Но в один прекрасный день дружок с веселым смехом объявила ключику, что она вышла замуж за Мака и уже переехала к нему.

Она нежно обняла ключика, стала его целовать, роняя прозрачные слезы, объяснила, что, служа в продовольственном комитете, Мак имеет возможность получать продукты и что ей надоело влачить полуголодное существование, что одной любви для полного счастья недостаточно, но что ключик навсегда останется для нее самым светлым воспоминанием, самым-самым ее любимым друзиком, слоником, гением и что она не забудет нас и обещает нам продукты.

Тогда я еще не читал роман аббата Прево и не понял, что дружочек — разновидность Манон Леско и что тут уж ничего не поделаешь.

Ключик в роли кавалера де Гриё грустно поник головой. Он начитался Толстого и был непротивленцем. Я же страшно возмутился и наговорил дружочку массу неприятных слов, на что она, весело смеясь, блестя голубыми глазами, сказала, что понимает, какую глупость совершила, и согласна в любой миг бросить Мака, но только стесняется сделать это сама. Надо, чтобы она была насильно вырвана из рук Мака, похищена.

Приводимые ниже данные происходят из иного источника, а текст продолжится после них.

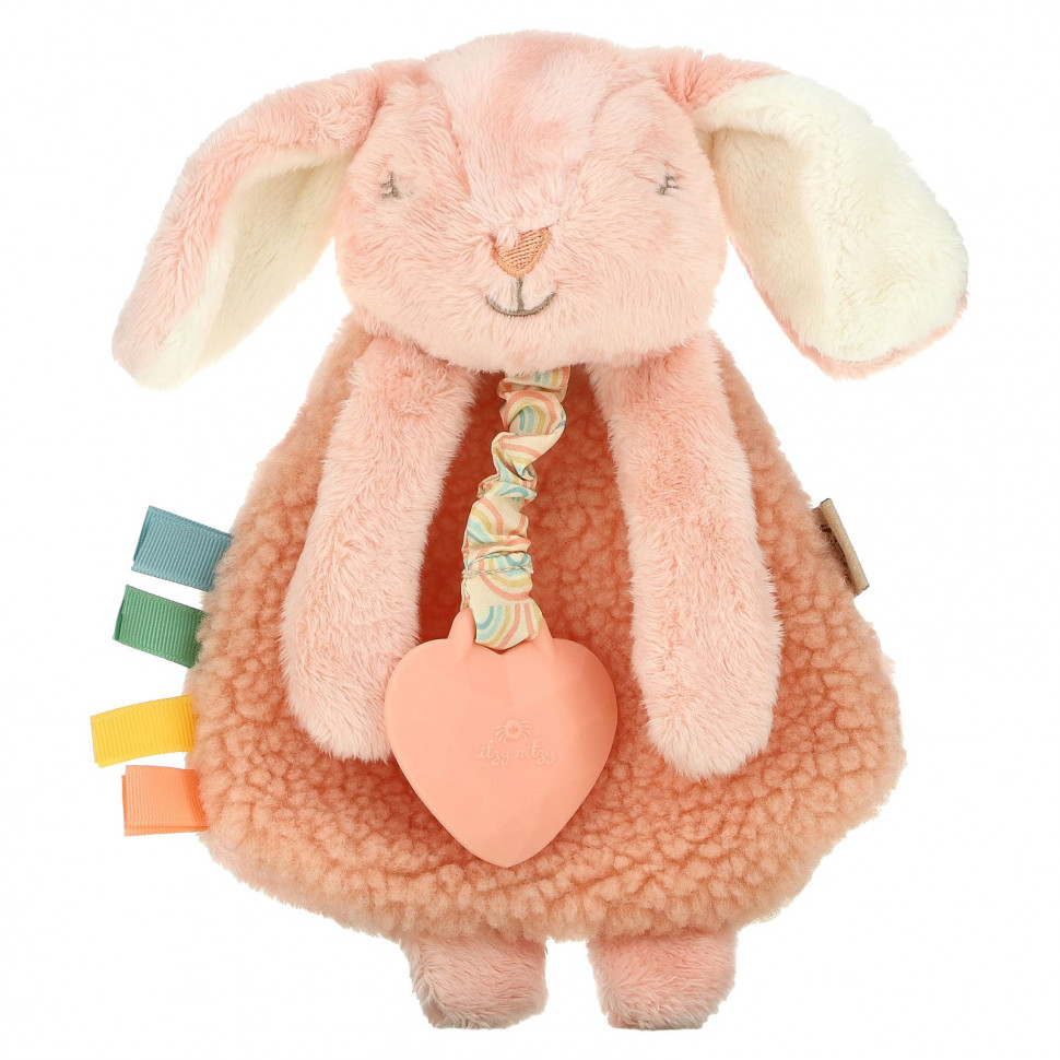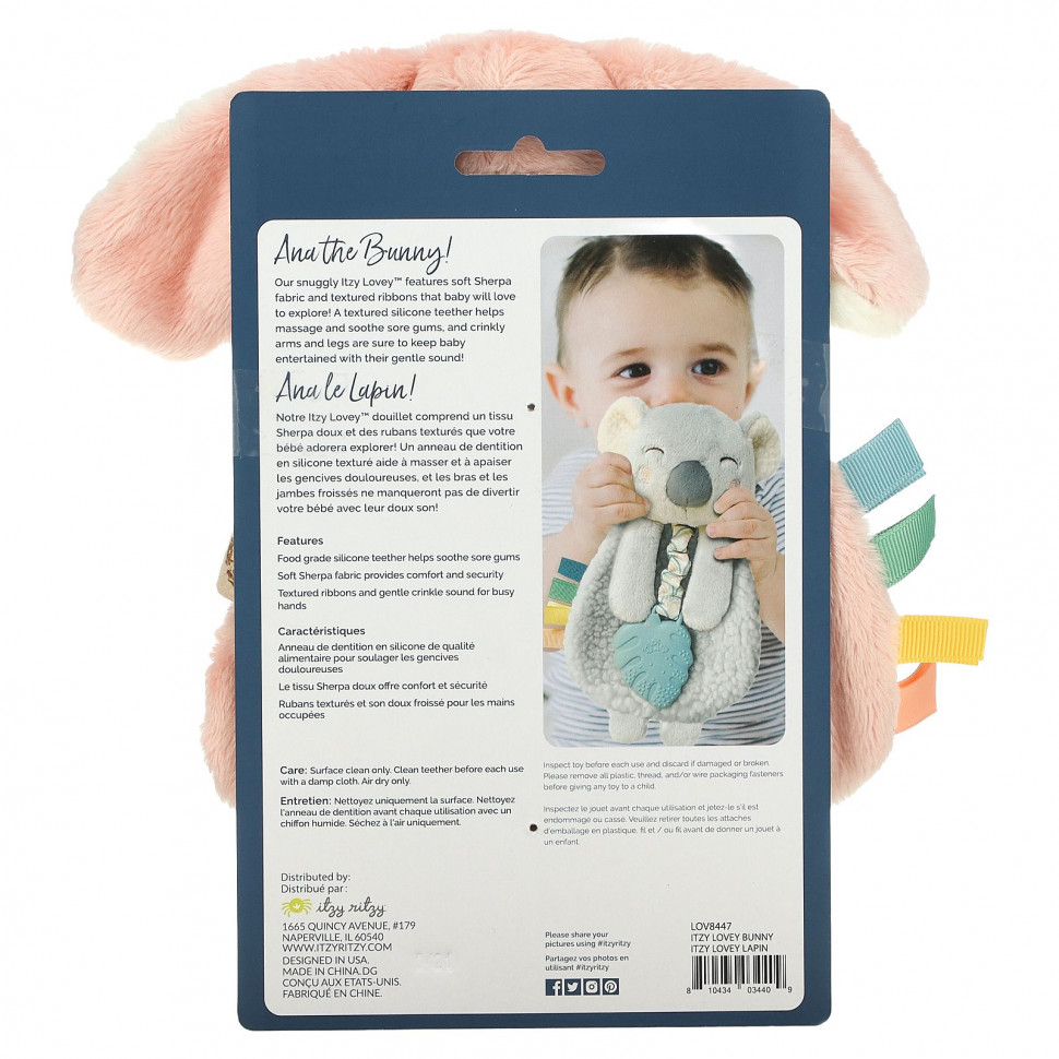 Наш уютный Itzy Lovey ™ изготовлен из мягкой шерпа-ткани и имеет фактурные ленты, которые понравятся малышам! Текстурированный силиконовый прорезыватель для зубов помогает массировать и успокаивает воспаленные десны, а морщинистые ручки и ножки обязательно будут развлекать ребенка своим нежным звуком!

— Это будет так забавно, — прибавила она, — и я опять вернусь к моему любимому слоненку.

Так как ключик по своей природе был человек воспитанный, не склонный к авантюрам, то похищение дружочка я взял на себя как наиболее отчаянный из всей нашей компании.

В условленное время мы отправились с ключиком за дружочком. Ключик остался на улице, шагая взад-вперед перед подъездом, хмурый, небритый, неумный, как ревнивый гном, а я поднялся по лестнице и громко постучал в дверь кулаком <…>

Вид у меня был устрашающий: офицерский френч времен Керенского, холщовые штаны, деревянные сандалии на босу ногу, в зубах трубка, дымящая махоркой, а на бритой голове красная турецкая феска с черной кистью, полученная мною по ордеру вместо шапки в городском вещевом складе.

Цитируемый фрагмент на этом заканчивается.